Epha1 Protein is an important component in the neurobiology of neurodegenerative diseases. This page provides detailed information about its structure, function, and role in disease processes.
EPHA1 (EPH Receptor A1) is a member of the ephrin receptor family of receptor tyrosine kinases. GWAS have identified EPHA1 as a genetic risk factor for late-onset Alzheimer's disease (LOAD), with protective variants reducing AD risk. EPHA1 is involved in cell migration, synaptic plasticity, and may play roles in neuroinflammation.
EPHA1 (EPH Receptor A1) is a member of the ephrin receptor family of receptor tyrosine kinases, one of the largest families of receptor tyrosine kinases in the human genome. The EPHA subfamily includes eight receptors (EPHA1-8) that bind to five ephrin-A ligands (EFNA1-5). EPHA1 was first identified as a cell surface antigen (EphA1) and has been studied primarily in the context of cancer. However, GWAS have identified EPHA1 as a genetic risk factor for late-onset Alzheimer's disease (LOAD), with protective variants reducing AD risk. EPHA1 is widely expressed in the brain, particularly in neurons and astrocytes, where it regulates synaptic plasticity, cell migration, and neuroinflammatory responses.

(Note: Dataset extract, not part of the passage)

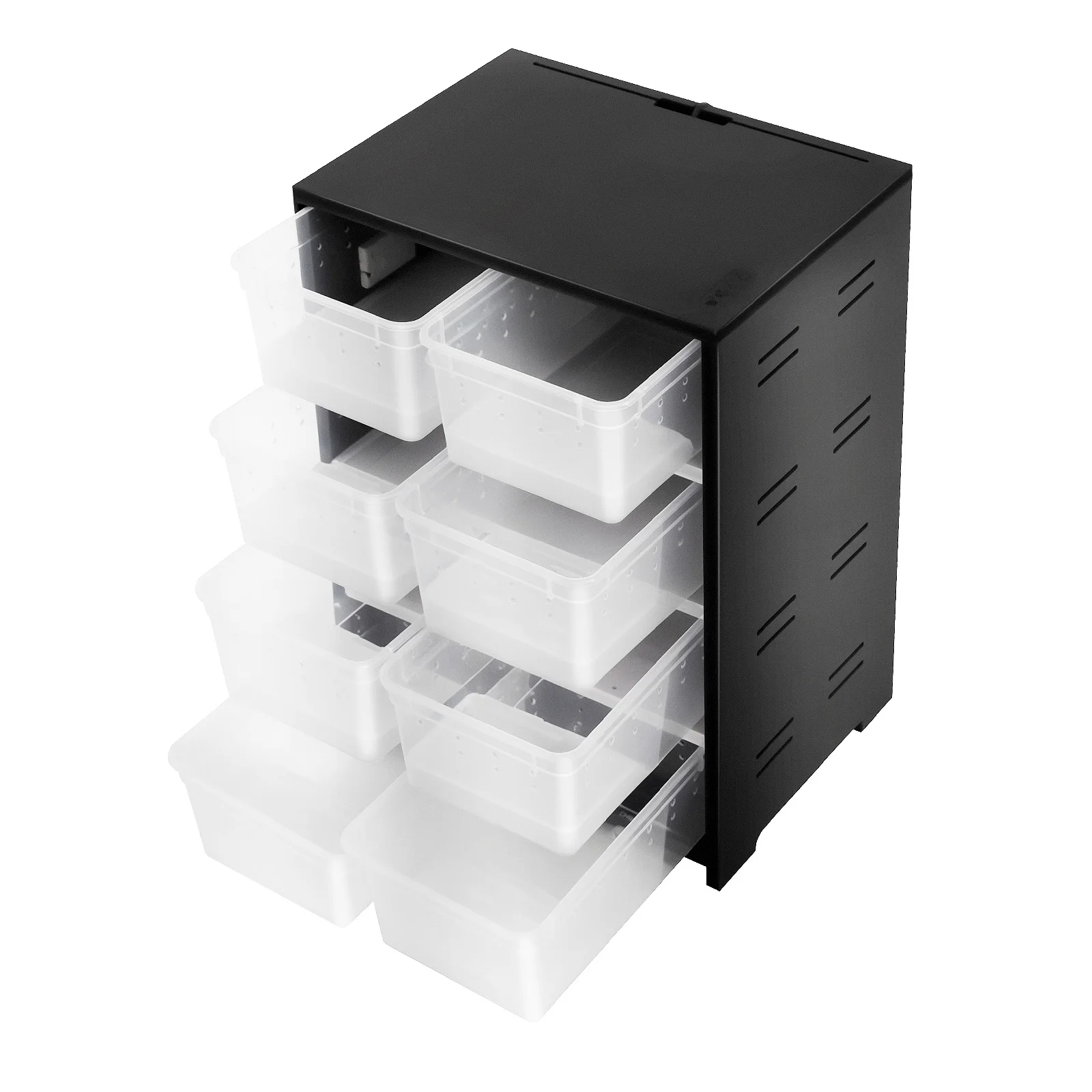 With its compact design and powerful features, this breeding cabinet is ideal for keeping your amphibian pets. It is designed with multiple clear boxes for easy observation and management of your pets. Each box is well-ventilated to ensure a healthy living environment for your pet. The cabinet is made of premium material with a stylish appearance and is suitable for various home environments. Equipped with a heating pad, it can provide your pet with ideal living conditions, making your pet's life more comfortable and safe.

EPHA1 is a receptor tyrosine kinase with an extracellular domain containing a ligand-binding domain, an EGF-like domain, and two fibronectin type III repeats. The cytoplasmic domain contains the tyrosine kinase domain and a sterile alpha motif (SAM). EPHA1 binds ephrin-A ligands (EFNA1-5) on adjacent cells, triggering bidirectional signaling.
EPHA1 (EPH Receptor A1) is a member of the ephrin receptor family of receptor tyrosine kinases. GWAS have identified EPHA1 as a genetic risk factor for late-onset Alzheimer's disease (LOAD), with protective variants reducing AD risk. EPHA1 is involved in cell migration, synaptic plasticity, and may play roles in neuroinflammation.
In Alzheimer's disease, EPHA1 variants may influence neuroinflammation and synaptic plasticity. The protective variants reduce AD risk, possibly by modulating EPHA1 signaling in immune cells and neurons. EPHA1 is expressed in neurons and astrocytes.
No EPHA1-targeted therapies exist for Alzheimer's disease. The development of EPHA1 modulators could provide new therapeutic approaches for AD treatment.
The study of Epha1 Protein has evolved significantly over the past decades. Research in this area has revealed important insights into the underlying mechanisms of neurodegeneration and continues to drive therapeutic development.
Historical context and key discoveries in this field have shaped our current understanding and will continue to guide future research directions.